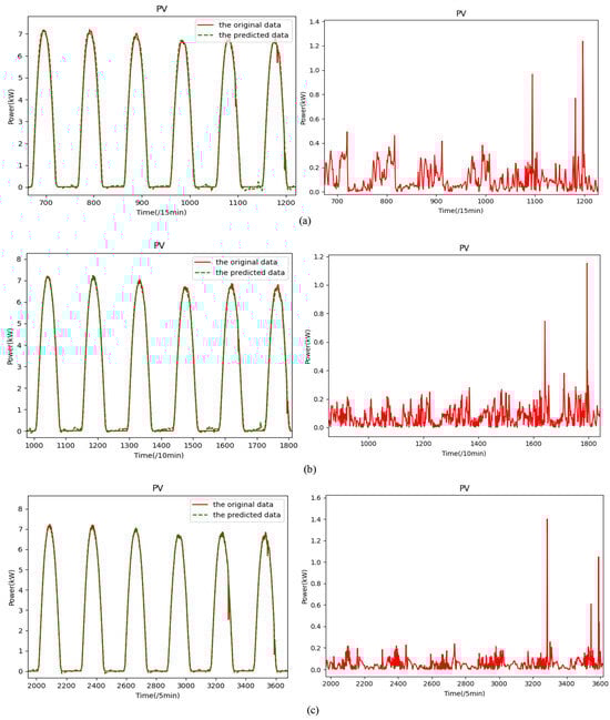 From Figure 4a–c, we can see the prediction results of the proposed model on the test set at 15 min, 10 min, and 5 min resolutions, respectively, where the original and prediction curves of every group of PV power on the test set are plotted on the left, while their absolute error curves are plotted on the right. From these figures, we can observe that the predicted curves almost coincide with the original curves at the three resolutions. This suggests that the proposed model can capture the fluctuations in the PV data well. Also, we see lower absolute prediction errors at the three resolutions.
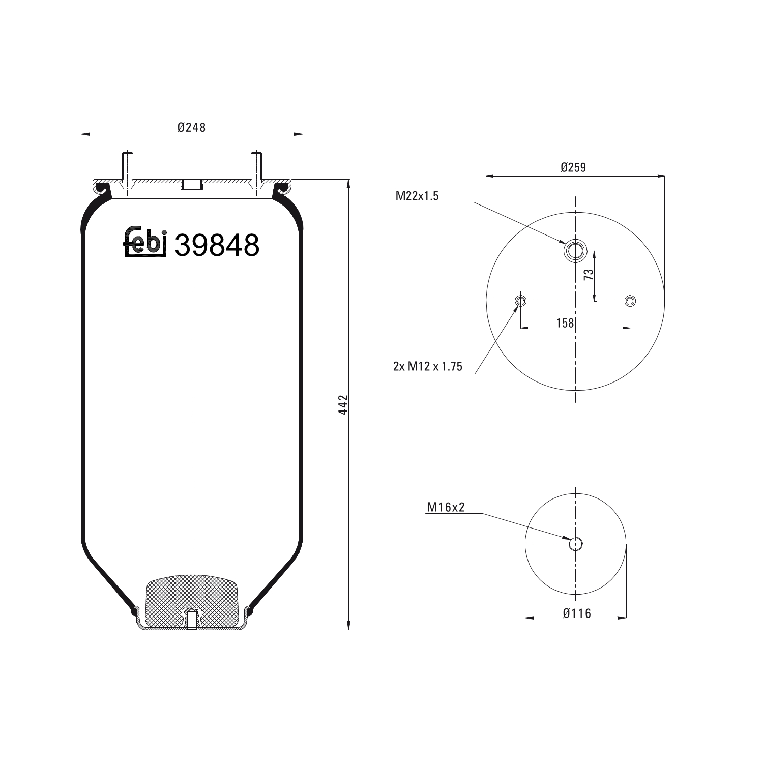 FEBI BILSTEIN Federbalg, Luftfederung 39848 Universal ohne Kolben 116mm
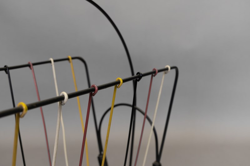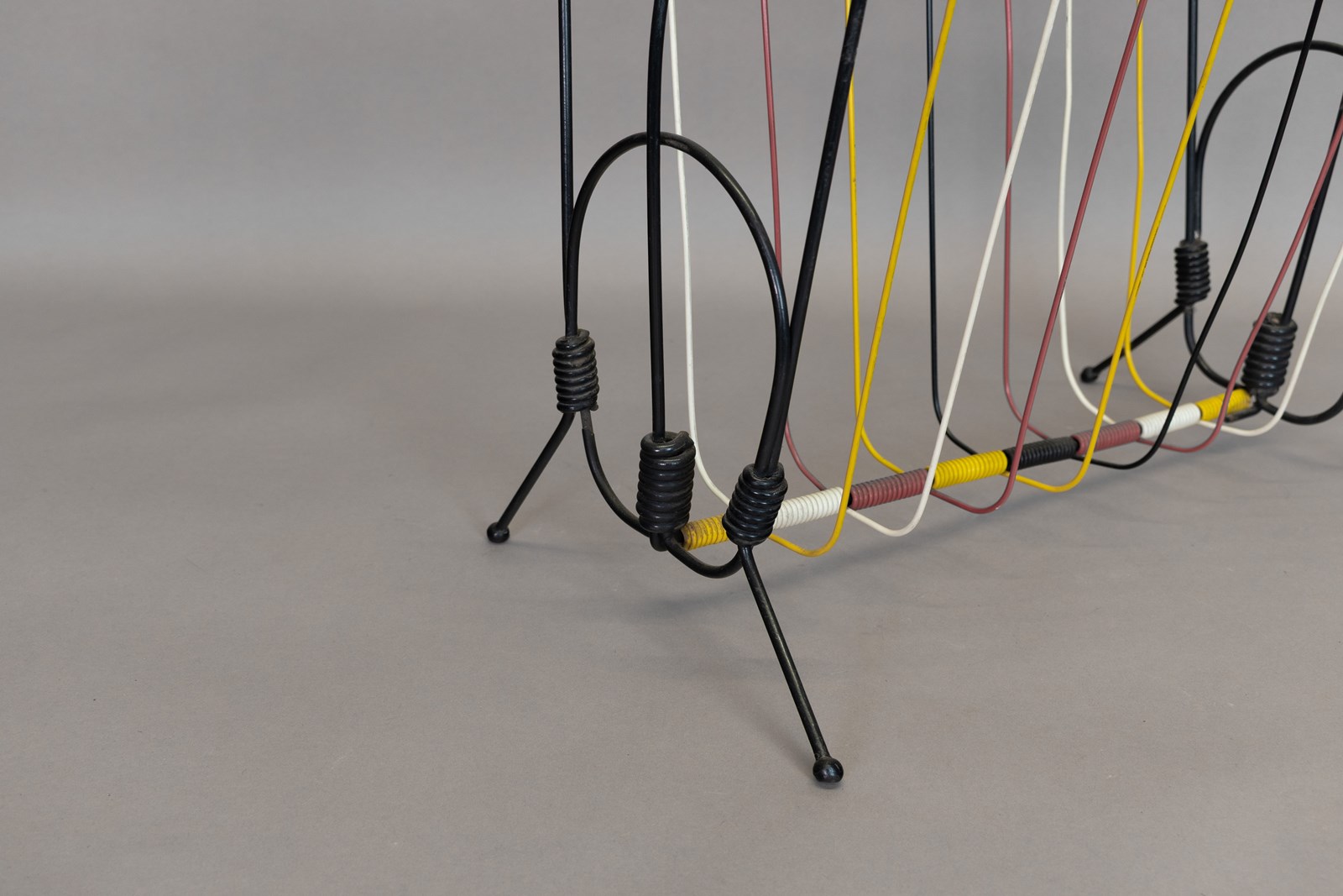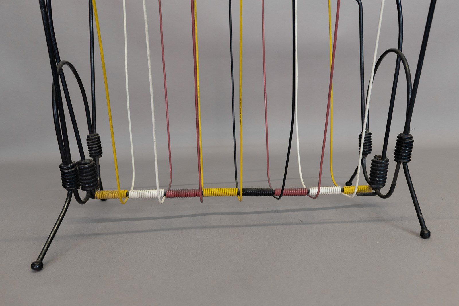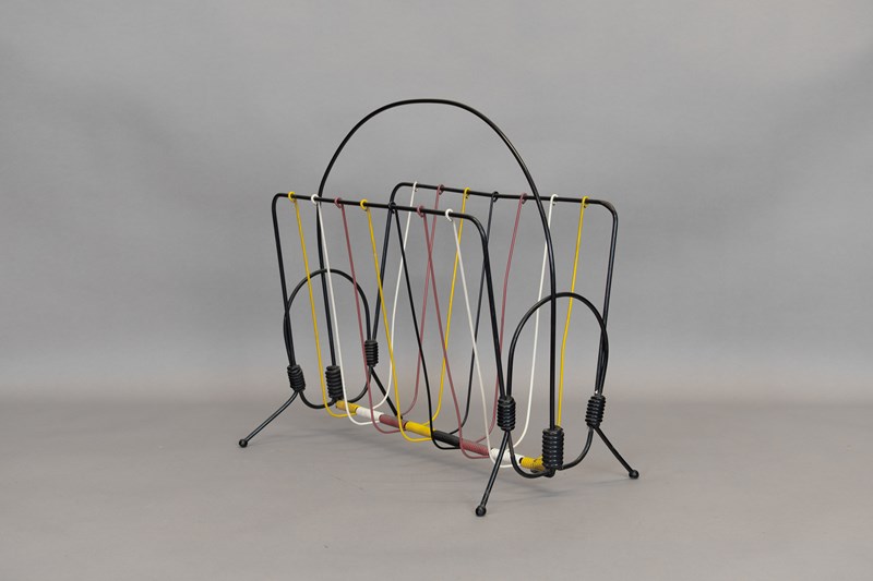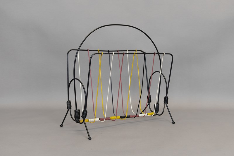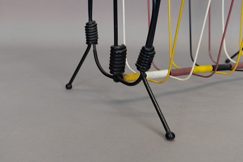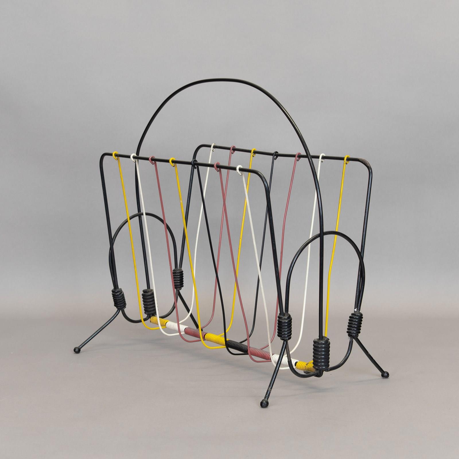 Mid-Century magazine rack in black and coloured wire. U.K circa 1970.
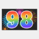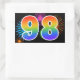 Este divertido y vibrante diseño de pegatinas presenta un colorido patrón inspirado en fuegos artificiales de celebración, junto con el número "98" con un patrón de gradiente inspirado en un arcoíris multicolor, sobre un fondo de color negro. Las pegatinas como esta podrían usarse en una fiesta para celebrar el cumpleaños número noventa y ocho de alguien, o quizás para el aniversario de bodas número noventa y ocho de una pareja, o algún otro evento número 98. [~Z0000324]
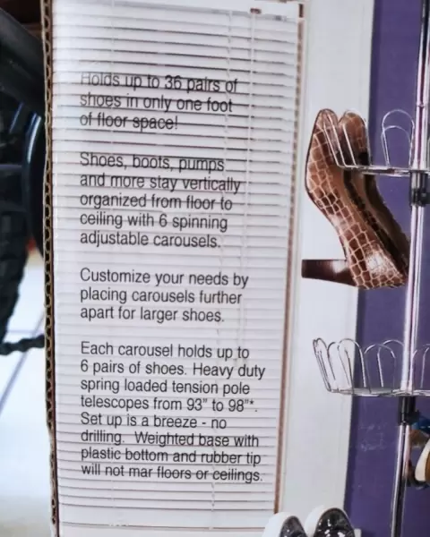 ¡Sostiene hasta 36 pares de zapatos en solo un pie de espacio en el piso!Los zapatos, las botas, los zapatos de tacón y más se mantienen organizados verticalmente desde el piso hasta el techo con 6 carruseles giratorios ajustables.Personalice sus necesidades colocando carruseles más separados para zapatos más grandes.Cada carrusel tiene capacidad para 6 pares de zapatos.
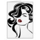 Joli, vintage thème girly en noir et blanc. Un beau visage de femme aux lèvres rouges et aux cheveux bouclés. Amusant, dessin rétro.
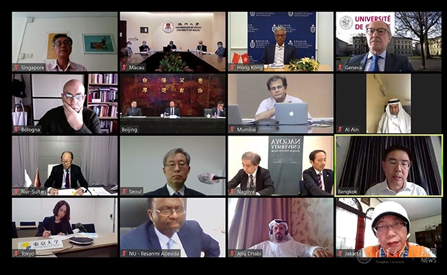 会上,泰国朱拉隆功大学校长班迪·厄阿鹏,香港科技大学校长史维,印度理工学院孟买分校校长苏巴西斯·乔杜里,新加坡国立大学校长陈永财,哈萨克斯坦纳扎尔巴耶夫大学校长胜茂夫,阿联酋大学代理校长兼教务长加里卜·阿勒哈德拉米,印度尼西亚大学秘书长、学校抗疫领导小组组长、亚太地区公共卫生学术联盟候任主席奥古斯丁·库苏马亚提(Agustin Kusumayati),瑞士日内瓦大学校长伊夫·弗吕克格尔,澳门大学校长宋永华,日本东京大学常务副校长白波濑佐和子,阿联酋哈利法大学常务副校长阿利夫·哈玛迪,日本名古屋大学副校长藤卷朗,韩国国立首尔大学副校长洪起玄,意大利博洛尼亚大学校长代表安东尼奥·菲奥里等先后发言,分享各高校疫情防控、在线教育、科研创新等方面的经验做法,表达加强务实合作、携手打赢疫情阻击战的强烈意愿。各大学纷纷表示感谢清华大学的组织工作,并希望以各种方式持续加强特殊时期的紧密沟通合作,共度时艰。参会嘉宾还就资源共享、增进高校间了解等话题进行了讨论。
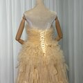 パーティードレス シャンパン色 ベアトップ リボン もこもこドレス 編み上げ 披露宴
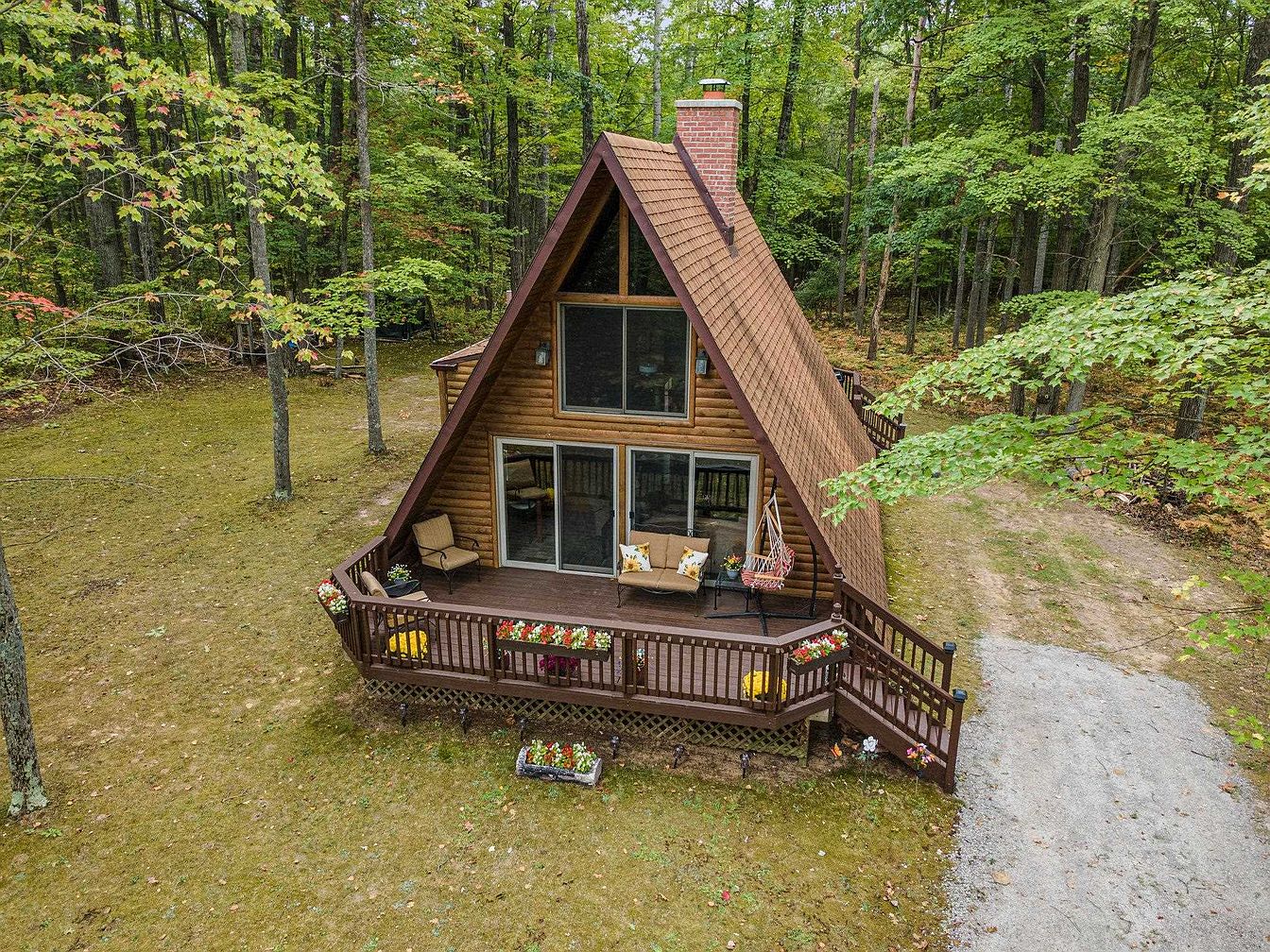 Nestled in the tranquil Blue Lake Estate of Gladwin, MI, this charming A-frame cottage offers timeless appeal and makes an ideal family retreat. With classic rustic log siding, a brick wood-burning fireplace, and a spacious main floor, it is perfect for year-round comfort and gatherings. Built for serene lake living, the home boasts a huge wraparound deck with panoramic lake views, a private backyard abutting state land, and access to exclusive estate amenities, private beach, park, and trails. Recent upgrades include a new 5″ well (2018), rebuilt chimney, refreshed gravel driveway, and refurbished forced-air furnace (2019), making maintenance a breeze. Listed at $149,900, it’s an inviting, all-season, up-north escape offering four-season family relaxation and adventure.
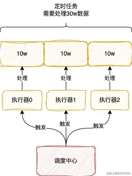 举个例子,比如你现在需要处理30w条数据,有3个执行器,此时使用分片广播,那么此时可将任务分成3分,每份10w条数据,执行器根据自己的编号选择对应的那份10w数据处理
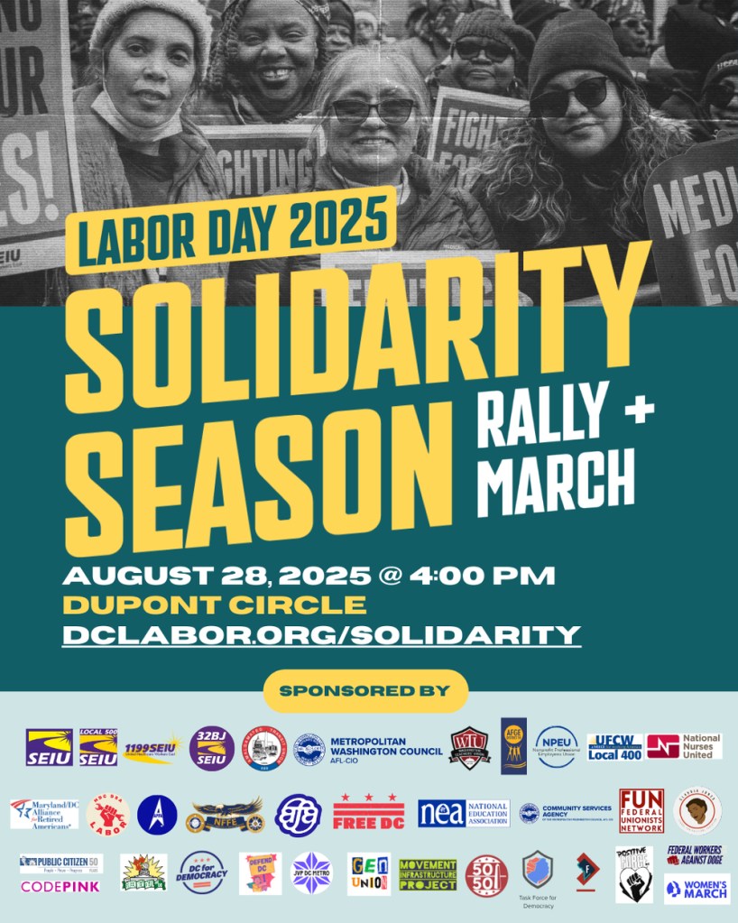 In a time where the rights and freedoms of DC citizens are under attack due to the Trump administration’s militarization of the district, it is imperative that labor will continue to organize and push back. I especially like how this protest has a wide variety of cosponsoring organizations, including many labor orgs, Free DC, Jewish Voice for Peace, the Democratic Socialists of America National Labor Commission, and many more. Workers rights, immigrants rights, and rights of DC citizens are all connected and should be defended no matter what.
____
Task to carry out: Verbatim output of every entry above is required, though pictures are to be left out.

Response:
 From Figure 4a–c, we can see the prediction results of the proposed model on the test set at 15 min, 10 min, and 5 min resolutions, respectively, where the original and prediction curves of every group of PV power on the test set are plotted on the left, while their absolute error curves are plotted on the right. From these figures, we can observe that the predicted curves almost coincide with the original curves at the three resolutions. This suggests that the proposed model can capture the fluctuations in the PV data well. Also, we see lower absolute prediction errors at the three resolutions.
 FEBI BILSTEIN Federbalg, Luftfederung 39848 Universal ohne Kolben 116mm
 Mid-Century magazine rack in black and coloured wire. U.K circa 1970.
 Este divertido y vibrante diseño de pegatinas presenta un colorido patrón inspirado en fuegos artificiales de celebración, junto con el número "98" con un patrón de gradiente inspirado en un arcoíris multicolor, sobre un fondo de color negro. Las pegatinas como esta podrían usarse en una fiesta para celebrar el cumpleaños número noventa y ocho de alguien, o quizás para el aniversario de bodas número noventa y ocho de una pareja, o algún otro evento número 98. [~Z0000324]
 ¡Sostiene hasta 36 pares de zapatos en solo un pie de espacio en el piso!Los zapatos, las botas, los zapatos de tacón y más se mantienen organizados verticalmente desde el piso hasta el techo con 6 carruseles giratorios ajustables.Personalice sus necesidades colocando carruseles más separados para zapatos más grandes.Cada carrusel tiene capacidad para 6 pares de zapatos.
 Joli, vintage thème girly en noir et blanc. Un beau visage de femme aux lèvres rouges et aux cheveux bouclés. Amusant, dessin rétro.
 会上,泰国朱拉隆功大学校长班迪·厄阿鹏,香港科技大学校长史维,印度理工学院孟买分校校长苏巴西斯·乔杜里,新加坡国立大学校长陈永财,哈萨克斯坦纳扎尔巴耶夫大学校长胜茂夫,阿联酋大学代理校长兼教务长加里卜·阿勒哈德拉米,印度尼西亚大学秘书长、学校抗疫领导小组组长、亚太地区公共卫生学术联盟候任主席奥古斯丁·库苏马亚提(Agustin Kusumayati),瑞士日内瓦大学校长伊夫·弗吕克格尔,澳门大学校长宋永华,日本东京大学常务副校长白波濑佐和子,阿联酋哈利法大学常务副校长阿利夫·哈玛迪,日本名古屋大学副校长藤卷朗,韩国国立首尔大学副校长洪起玄,意大利博洛尼亚大学校长代表安东尼奥·菲奥里等先后发言,分享各高校疫情防控、在线教育、科研创新等方面的经验做法,表达加强务实合作、携手打赢疫情阻击战的强烈意愿。各大学纷纷表示感谢清华大学的组织工作,并希望以各种方式持续加强特殊时期的紧密沟通合作,共度时艰。参会嘉宾还就资源共享、增进高校间了解等话题进行了讨论。
 パーティードレス シャンパン色 ベアトップ リボン もこもこドレス 編み上げ 披露宴
 Nestled in the tranquil Blue Lake Estate of Gladwin, MI, this charming A-frame cottage offers timeless appeal and makes an ideal family retreat. With classic rustic log siding, a brick wood-burning fireplace, and a spacious main floor, it is perfect for year-round comfort and gatherings. Built for serene lake living, the home boasts a huge wraparound deck with panoramic lake views, a private backyard abutting state land, and access to exclusive estate amenities, private beach, park, and trails. Recent upgrades include a new 5″ well (2018), rebuilt chimney, refreshed gravel driveway, and refurbished forced-air furnace (2019), making maintenance a breeze. Listed at $149,900, it’s an inviting, all-season, up-north escape offering four-season family relaxation and adventure.
 举个例子,比如你现在需要处理30w条数据,有3个执行器,此时使用分片广播,那么此时可将任务分成3分,每份10w条数据,执行器根据自己的编号选择对应的那份10w数据处理
 In a time where the rights and freedoms of DC citizens are under attack due to the Trump administration’s militarization of the district, it is imperative that labor will continue to organize and push back. I especially like how this protest has a wide variety of cosponsoring organizations, including many labor orgs, Free DC, Jewish Voice for Peace, the Democratic Socialists of America National Labor Commission, and many more. Workers rights, immigrants rights, and rights of DC citizens are all connected and should be defended no matter what.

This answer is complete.